PE-201c · Module 1

Capacity-Aware Routing

3 min read

The most sophisticated routing algorithms are capacity-aware — they consider not just who should get the lead but who can effectively work it right now. A rep with 40 open deals at various stages has less capacity to work a new lead than a rep with 15. A rep in the middle of a critical negotiation has less attention for new leads than a rep in a prospecting week.
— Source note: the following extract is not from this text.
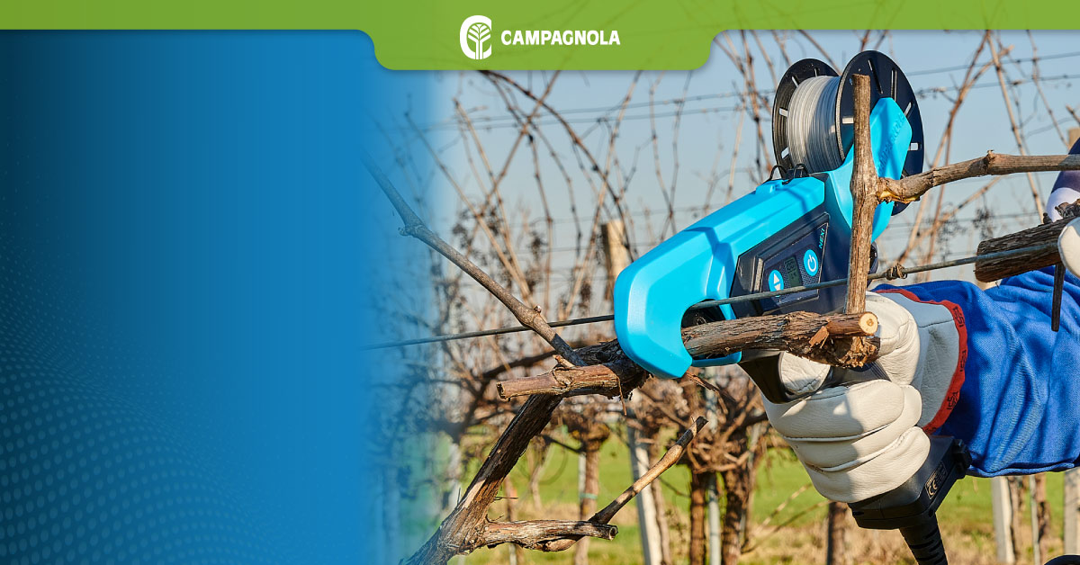 La batería se inserta en la base del cuerpo y su considerable ligereza permite mantener el peso total de la herramienta particularmente bajo. Por tanto, la atadora puede ser utilizada fácilmente por cualquier operario. Como alternativa a la versión con batería incorporada, también se puede utilizar con cable – patentado por Campagnola – y batería en el cinturón, insertada en una práctica funda. En este último caso, el peso de la atadora se reduce únicamente a 780 gramos.

Capacity-aware routing distributes leads based on current workload, not just territory or round-robin position.

Do This

  • Factor open deal count, active stage distribution, and recent activity volume into routing weight
  • Reduce a rep's routing weight when they have more than 3 deals in Negotiation stage — those deals need focus
  • Increase a rep's routing weight after they close a deal — they have fresh capacity

Avoid This

  • Route based on territory alone without considering current workload — territory owners at capacity drop leads
  • Use a static capacity number that never changes — capacity fluctuates weekly based on deal stage mix
  • Ignore the rep's calendar — routing a lead to someone in back-to-back meetings all day guarantees slow response

Capacity scoring is the calculation that makes this work. Assign each rep a capacity score based on: total open deals (fewer = higher capacity), deals in late stages (more late-stage deals = lower capacity for new leads), time since last lead assignment (longer = higher priority), and calendar availability (more open time = higher capacity). Route new leads to the rep with the highest composite capacity score within the eligible routing pool.